Much of the area around Carowinds, which straddles the South Carolina-North Carolina line, includes industrial or warehouse space.

In addition, several spec buildings have popped up in recent years, according to the Rock Hill news source. Last fall, for instance, the largest property sale on record in York County involved $106 million of industrial space near the park.

The county recommends the rezoning for the latest project because plans fit what already is on the ground, Dil said.

The concept plan is not binding, but one submitted to her office shows what could come after demolition of the current office buildings: A pair of larger buildings would face the interstate; one would be almost 196,000 sq. ft., while the other would be approximately 173,000 sq. ft.

They also would have a similar configuration to the older office buildings but would take up much more of the parking space. The industrial construction design has a lot less parking, but a much larger footprint compared to the offices.

Behind the two large front buildings, a smaller building encompassing 90,000 sq. ft. is proposed to include retention ponds beside it and would back up to a 60-acre manufacturing site that borders the North Carolina line.

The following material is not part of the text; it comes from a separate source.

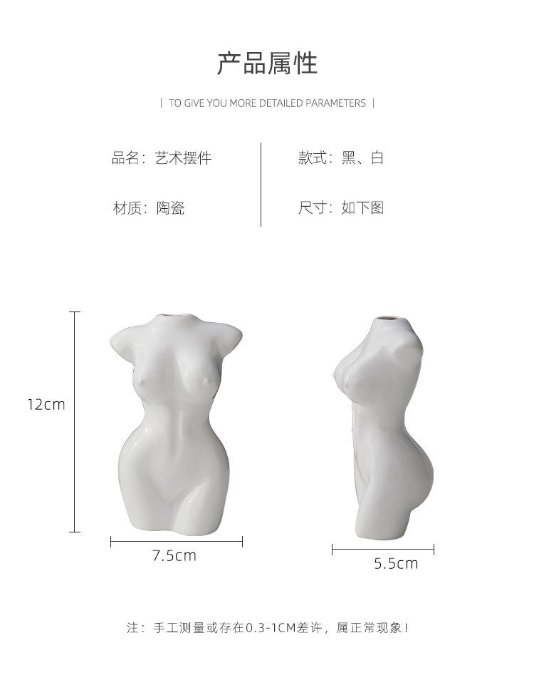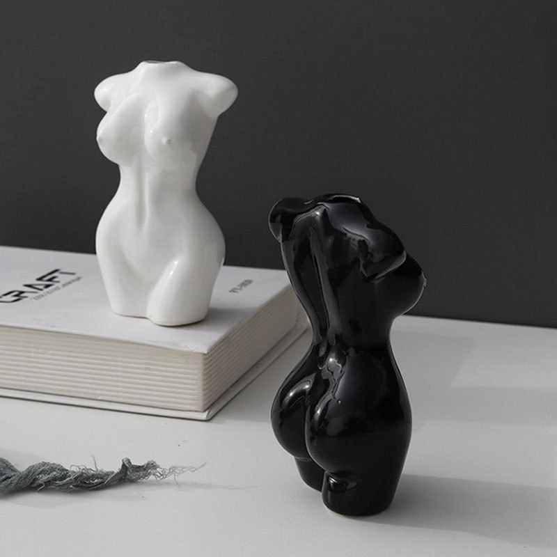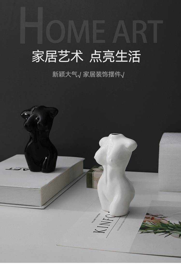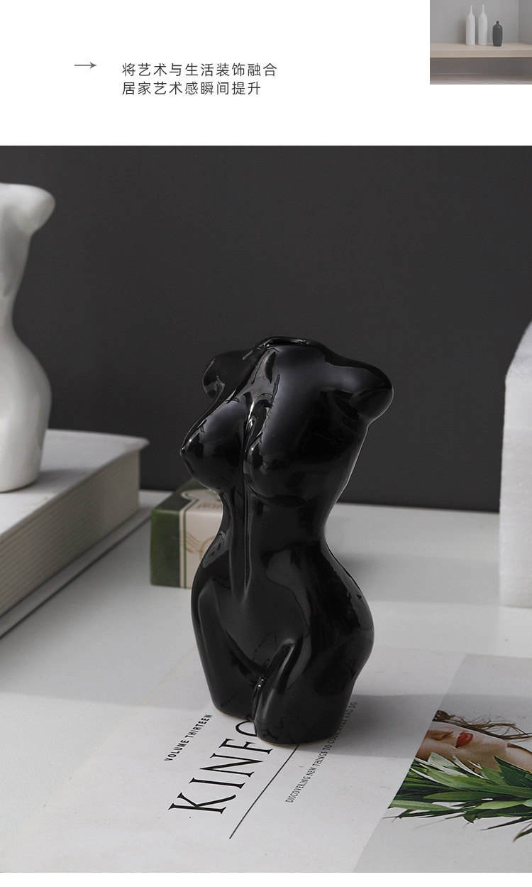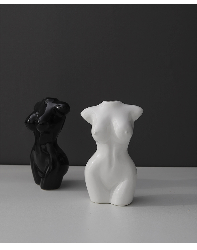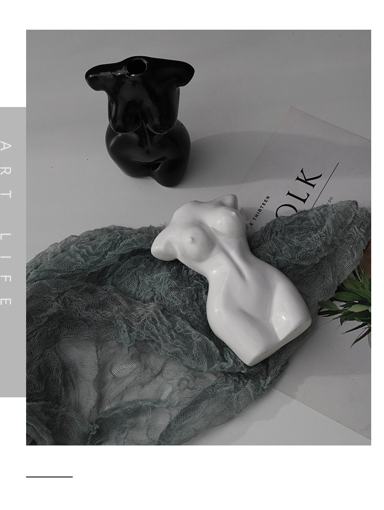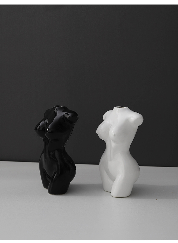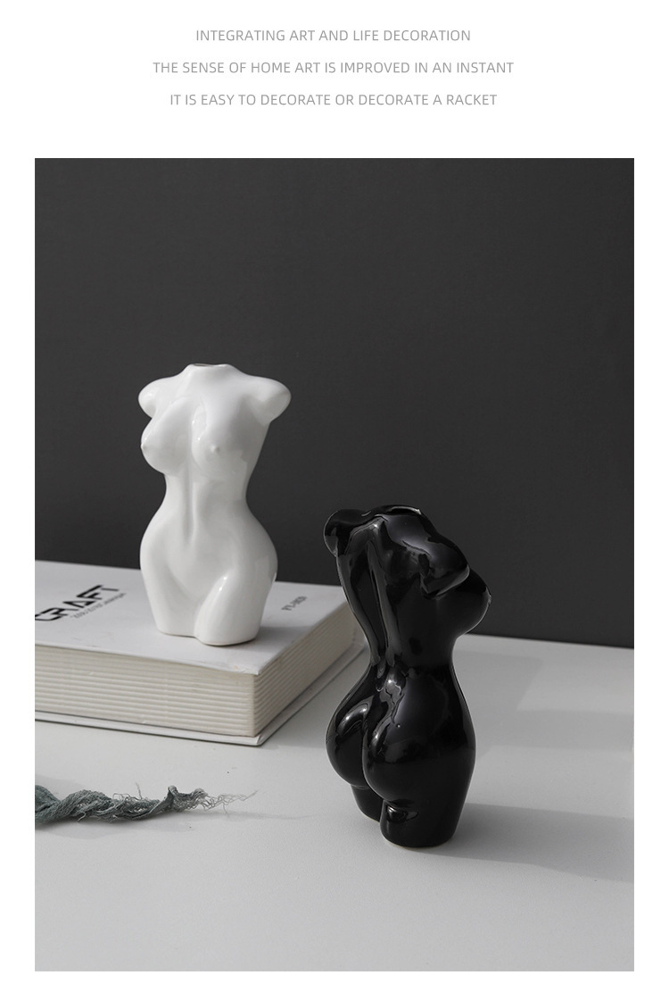 크리 에이 티브 블랙 화이트 바디 모양 세라믹 장식 작은 꽃병 맞춤형 데스크탑 작은 컨테이너 수제 욕실 장식품

Each of the sites are adjacent to the Carowinds Boulevard exit on I-77 and the newly developed property also would have six entrances off Stateview Boulevard.

Market Changes Led Wells Fargo Mortgage to Leave Fort Mill

One of the three existing buildings at the site off I-77 was completed in 2002 after Dallas-based Lexington Fort Mill LLC bought the three-story, almost 172,000-sq.-ft. structure from Charlotte's Crescent Resources (now Crescent Communities) in December of that year for more than $17.9 million.

A similarly sized second building, immediately north of the first one, opened in 2004; it sold for almost $29 million.

By 2007, the company employed about 2,000 people in town, making it one of the three largest employers in York County at the time.

Additionally, Fort Mill represented most of the bank's South Carolina workforce before Wells Fargo had any branches on the East Coast.

However, that was also when the company began the first in a series of job cuts amid housing market changes.

In late 2008, the financial giant announced an undisclosed but "small number" of employees at the Fort Mill mortgage center would lose their jobs ahead of the bank's planned purchase of Wachovia Corp.

Several shifts in staffing soon followed as well.

In late 2015, the bank announced 350 mortgage servicing positions would move from uptown Charlotte to Fort Mill. Yet Wells Fargo also began a series of WARN reports that year impacting hundreds of jobs. A WARN report is given when large companies plan significant layoffs or closures, according to the Rock Hill Herald.

From 2015 to 2018 Wells Fargo issued eight WARN reports for its Fort Mill operations. The first six, listed as closures, affected 305 jobs; the last two involved 188 layoffs.

Wells Fargo employees moved out of the buildings completely earlier this year, Josh Dunn, a spokesperson of the bank, wrote the Herald in a Feb. 13 email.

"This was a real estate consolidation — no jobs were eliminated in this move," he explained.